返回模型

说明文档

[!Note] 本仓库对应 Gemma 3n E2B IT (Instruct) 的发布版本，用于配合 Hugging Face transformers.js 使用，支持文本、音频和视觉（图像和视频）输入。

Gemma 3n 模型具有多项架构创新：

它们基于有效参数量提供两种尺寸。虽然该模型的原始参数量为 6B，但架构设计允许通过将低利用率矩阵从加速器卸载，使模型以相当于传统 2B 模型的内存占用运行。

它们采用 MatFormer 架构，允许在 E4B 模型中嵌套子模型。我们提供了一个子模型（即本模型仓库），您也可以使用 Mix-and-Match 方法访问一系列自定义尺寸的模型。

了解更多关于这些技术的信息，请参阅技术博客文章和 Gemma 文档。

Gemma 3n 模型卡片

模型页面: Gemma 3n

资源和技术文档:

使用条款: 条款
作者: Google DeepMind

模型信息

摘要描述以及输入和输出的简要定义。

描述

Gemma 是 Google 推出的轻量级、最先进开源模型系列，采用与创建 Gemini 模型相同的研究和技术构建。 Gemma 3n 模型专为在低资源设备上高效运行而设计。它们支持多模态输入，可处理文本、图像、视频和音频输入，并生成文本输出，提供预训练和指令微调版本的开源权重。这些模型使用超过 140 种口语的数据进行训练。

Gemma 3n 模型采用选择性参数激活技术来降低资源需求。该技术允许模型以 2B 和 4B 参数的有效大小运行，低于其包含的参数总数。有关 Gemma 3n 高效参数管理技术的更多信息，请参阅 Gemma 3n 页面。

输入和输出

输入:
- 文本字符串，例如问题、提示或需要摘要的文档
- 图像，标准化为 256x256、512x512 或 768x768 分辨率，并编码为每个 256 个 token
- 音频数据，从单声道编码为每秒 6.25 个 token
- 总输入上下文为 32K 个 token
输出:
- 针对输入生成的文本，例如问题的回答、图像内容分析或文档摘要
- 总输出长度最多 32K 个 token，需减去请求输入的 token

使用方法

下面是一些代码片段，帮助您快速开始运行模型。您可以复制与您的使用场景相关的部分。

Transformers.js

首先，安装 Transformers.js 库。 Gemma 3n 从 transformers.js 版本 3.6.0 开始支持。

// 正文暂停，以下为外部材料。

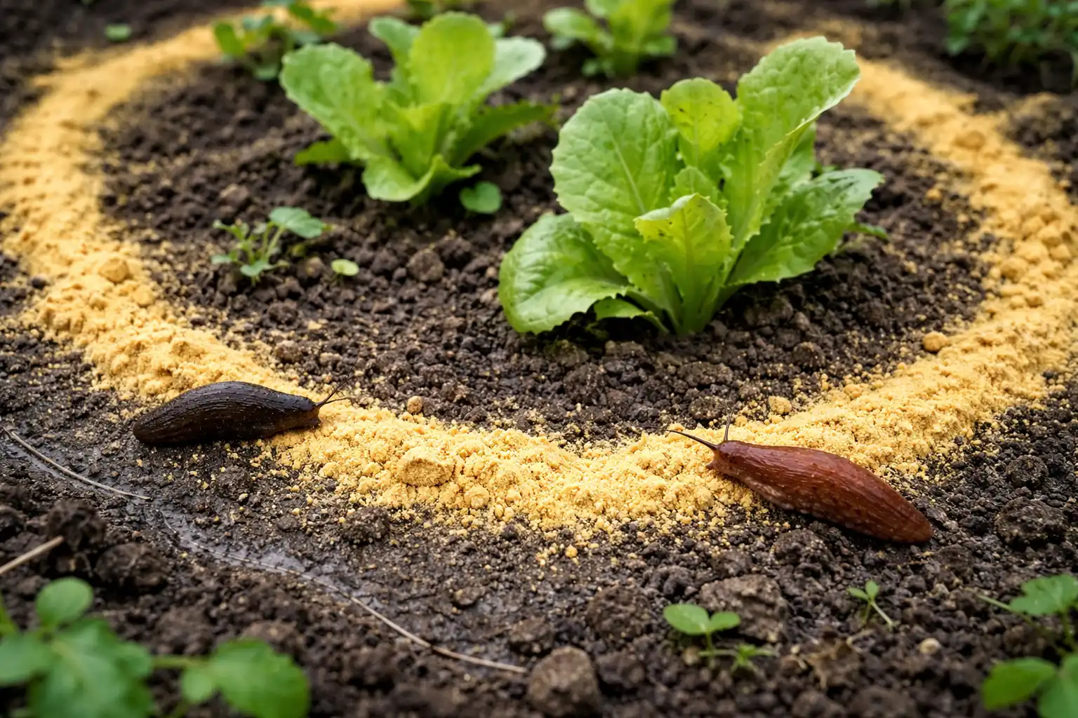 Slaptas niuansas: pabarstykite garstyčiomis ne tik aplink augalus, bet ir po lentomis, akmenimis ar skalūno gabalais, kur šliužai slepiasi nuo dienos saulės. Tai leis panaikinti veisimo centrus tiesiai jų prieglaudose.

npm i @huggingface/transformers

[!WARNING]
由于模型较大，我们目前仅支持 Node.js、Deno 和 Bun 运行。浏览器内 WebGPU 支持正在积极开发中，请关注后续更新！

示例: 为图像生成描述

import {
  AutoProcessor,
  AutoModelForImageTextToText,
  load_image,
  TextStreamer,
} from \"@huggingface/transformers\";

// 加载处理器和模型
const model_id = \"onnx-community/gemma-3n-E2B-it-ONNX\";
const processor = await AutoProcessor.from_pretrained(model_id);
const model = await AutoModelForImageTextToText.from_pretrained(model_id, {
  dtype: {
    embed_tokens: \"q8\",
    audio_encoder: \"q8\",
    vision_encoder: \"fp16\",
    decoder_model_merged: \"q4\",
  },
  device: \"cpu\", // 注意：WebGPU 支持即将推出！
});

// 准备提示
const messages = [
  {
    role: \"user\",
    content: [
      { type: \"image\" },
      { type: \"text\", text: \"Describe this image in detail.\" },
    ],
  },
];
const prompt = processor.apply_chat_template(messages, {
  add_generation_prompt: true,
});

// 准备输入
const url = \"https://huggingface.co/datasets/huggingface/documentation-images/resolve/main/bee.jpg\";
const image = await load_image(url);
const audio = null;
const inputs = await processor(prompt, image, audio, {
  add_special_tokens: false,
});

// 生成输出
const outputs = await model.generate({
  ...inputs,
  max_new_tokens: 512,
  do_sample: false,
  streamer: new TextStreamer(processor.tokenizer, {
    skip_prompt: true,
    skip_special_tokens: false,
    // callback_function: (text) => { /* 对流式输出进行处理 */ },
  }),
});

// 解码输出
const decoded = processor.batch_decode(
  outputs.slice(null, [inputs.input_ids.dims.at(-1), null]),
  { skip_special_tokens: true },
);
console.log(decoded[0]);

<summary>查看示例输出</summary>

The image is a close-up, slightly macro shot of a cluster of vibrant pink cosmos flowers in full bloom. The flowers are the focal point, with their delicate, slightly ruffled petals radiating outwards. They have a soft, almost pastel pink hue, and their edges are subtly veined. 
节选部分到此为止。